ByGeorge!

October 2006

NASA and GW Join Fight Against Diabetes


GW researchers are using NASA technology to examine insulin in rat beta cells.

Scientists at GW and Cornell University are adapting NASA image processing technology used to explore orbital images of Earth and distant worlds for diabetes research.

“With our modifications, NASA technology has provided us with new tools for fighting diabetes,” says Murray Loew, director of the Biomedical Engineering Program and professor of engineering at GW’s School of Engineering and Applied Science.

The research team has analyzed electron photomicrographs—images from an electron microscope—of beta cells from rats. The hormone insulin, which regulates blood glucose levels, is manufactured in beta cells in the pancreas. Microscopic structures called granules carry insulin toward the cell wall of the beta cells, where it is secreted in response to glucose levels in the blood.

The original NASA technology helps scientists classify image elements, known as pixels, and identify different types of landforms, geology, and vegetation. In the laboratory, it has been adapted to identify biological structures called insulin granules. The research team observed the number, size, and position of insulin granules in the beta cells in response to glucose, which cells use for energy.

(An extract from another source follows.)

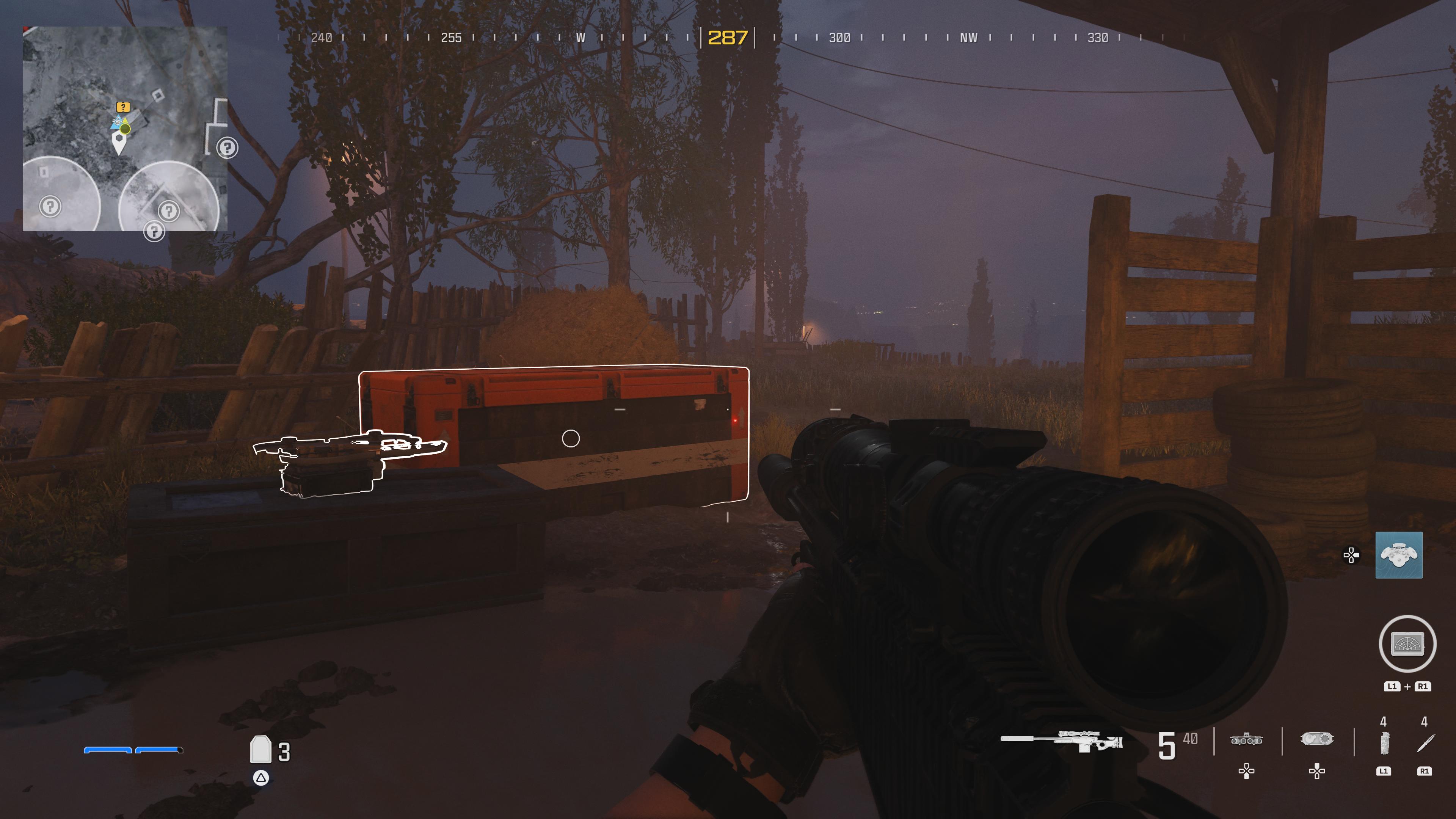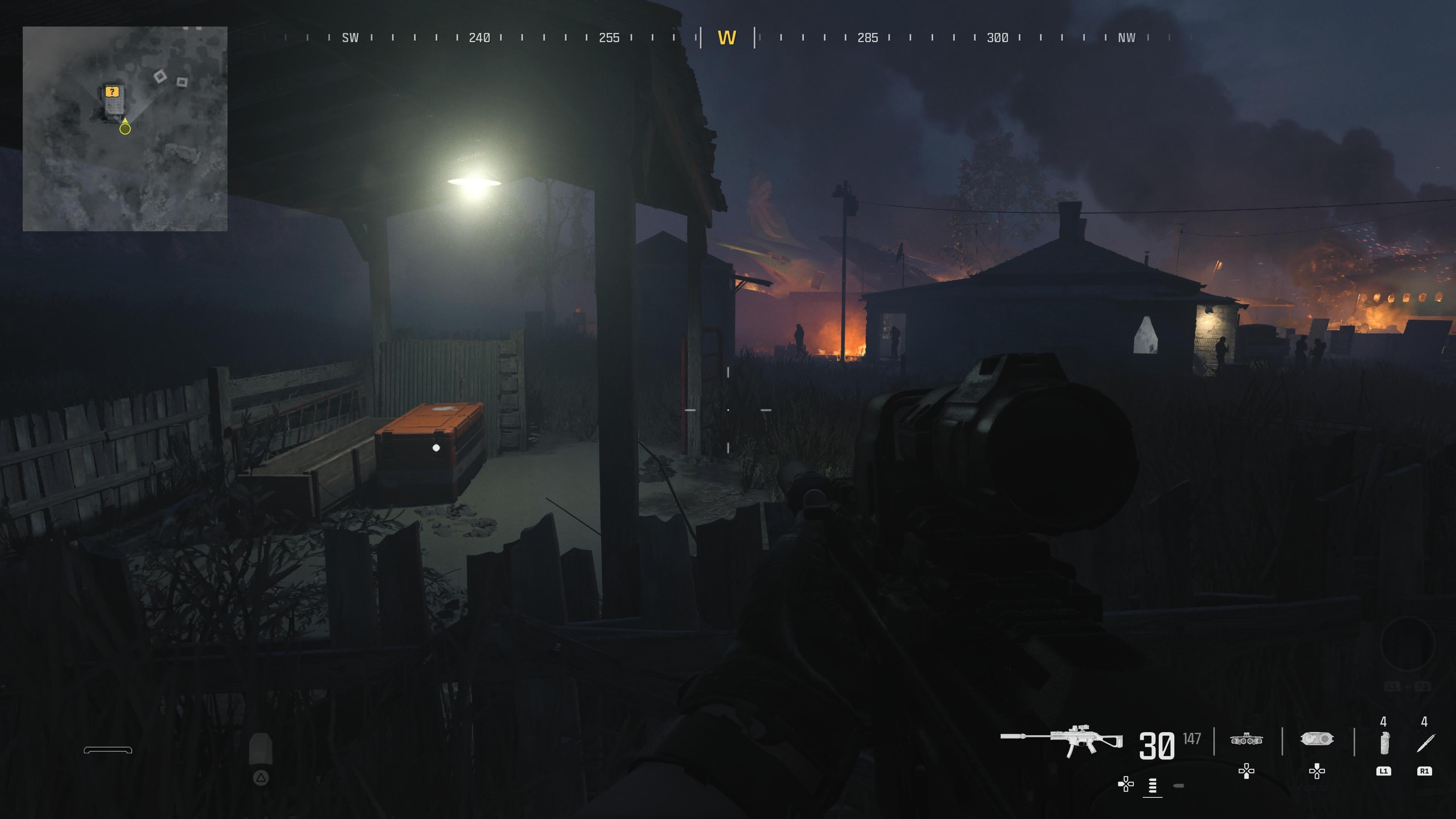 | Silenced M4 | E3 | Stick on the northern perimeter of the map. Kill the armored guard underneath the lamppost. Then, kill the lower-tiered guard to the left of him. The supply crate is behind the second guard. |

“Previously, the analysis of each electron micrograph took an assistant several hours to complete. Now, with the image processing software, we can automatically analyze several dozen electron micrographs overnight,” says Tim McClanahan, a scientist at NASA’s Goddard Space Flight Center.

Diabetes, which afflicts more than 20 million Americans, is caused by the body’s inability to regulate glucose. Insulin regulates glucose by unlocking the interior of cells and allowing glucose in blood to pass through the cell wall.
The team has submitted proposals to the National Institutes of Health and
the American Diabetes Association to further validate the technology
with additional data and to extend the work to identify and characterize other microscopic cellular structures. The research is being funded by Goddard’s Part-Time Graduate Study Program, the NIH, and the Juvenile Diabetes Research Foundation.